Note: Families First Coronavirus Response Act paid leaves should be excluded from this calculation.


Now that I’ve got my Employee Retention Credit amount, how do I get it back?

This amount can be claimed as a credit against the employer’s quarterly payroll tax return, which is reported on Form 941.

  • If an employer needs to get a credit for a prior quarter, Form 7200 should be filed.
  • If an employer wants to claim a credit in advance, a Form 7200 can be filed.
  • If an employer needs to file more than one Form 7200, that’s fine.

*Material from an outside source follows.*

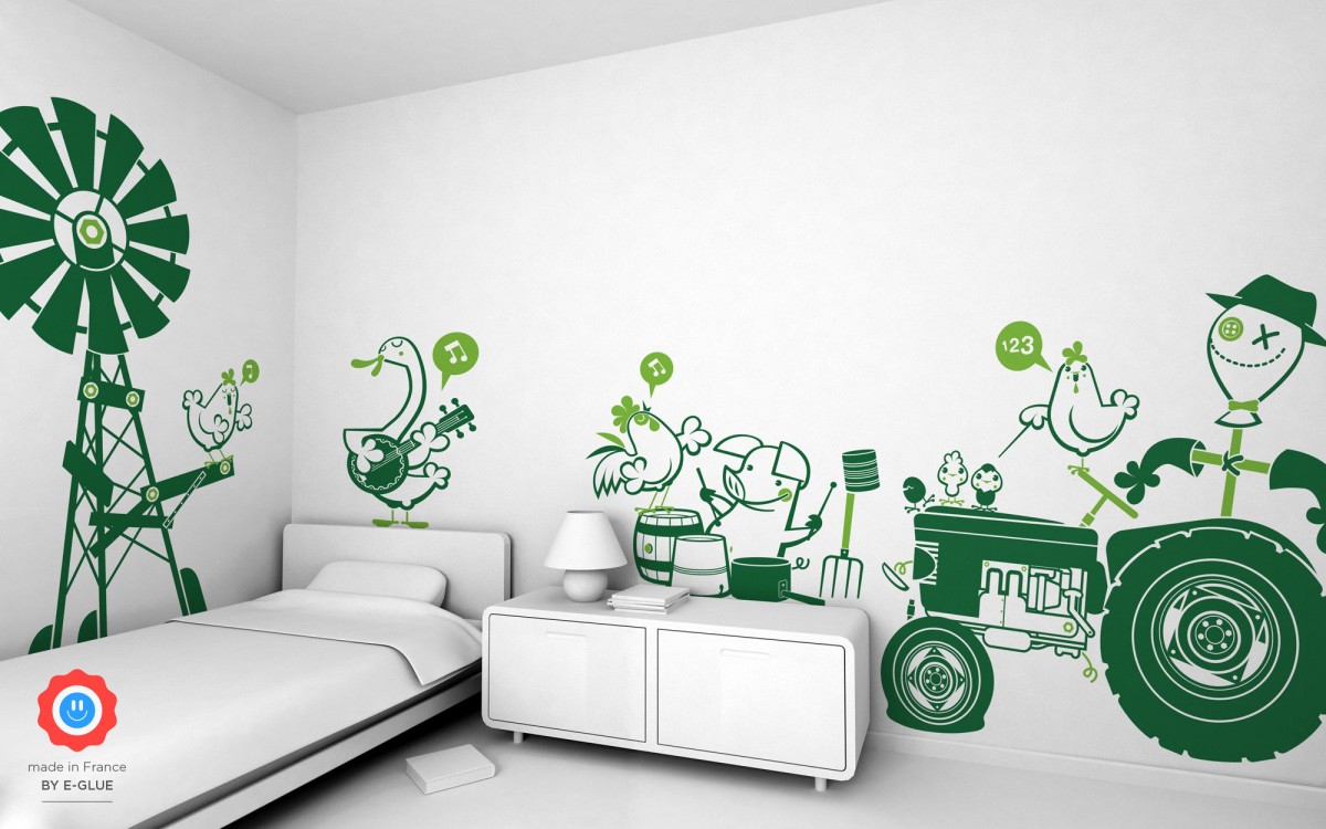 Estos únicos diseños, con formas simples, han sido desarrollados por un trabajo de las líneas, las curvas y los contornos para dar volumen manteniendo un aspecto decorativo, no recargar visualmente el espacio, facilitar la instalación y utilizar únicamente un proceso de corte sin impresión para fabricar los vinilos. Sin materiales con disolvente o tinta, E-Glue garantiza un ambiente sano y seguro para los niños.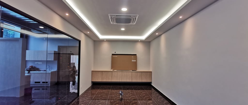 The renovation of TTF Group, specialists in shelving systems, combines elegance and functionality to reflect the company’s premium offerings. The office features grand marble-look tiles, creating a sophisticated and welcoming atmosphere for both employees and customers. The showroom showcases TTF’s shelving solutions, with a sleek island table designed to feature detailed product profiles and facilitate customer interactions. The space also includes a boardroom and meeting room, designed for business discussions and future partnerships, ensuring a professional setting for strategic meetings. This design balances high-end aesthetics with practical, client-focused spaces.

Don’t forget, there are two calculations, one for employers of 100 or less, and one for employers with 101 or more staff.


How does the credit money get to me?

File a Form 7200.

If the tax has already been paid, the refund will be applied to taxes due. If tax is overpaid, a refund will be processed.

This credit is applied against Form 941 taxes withheld each quarter; this means it is applied against both employer and employee FICA, and also against the employee federal income tax withheld and due.

If you have also been deferring your employer’s share of Social Security (6.2%), the credit will need to be reconciled against the deferred taxes. That will be accomplished on a new Form 941, which has yet to be issued. Stay tuned!

Similarly, if your company takes the Research and Development tax credit on Form 941, the Employee Retention Credit will be reduced by the amount of the R&D Credit already taken (no double dipping).


In Summary

Apply for the Employer Tax Deferral, no matter what.

Next, credits are better, so determine if you’re eligible for any R&D or Employee Retention Credits, and then reconcile the credits to ensure only the balance is deferred (again, no double dipping).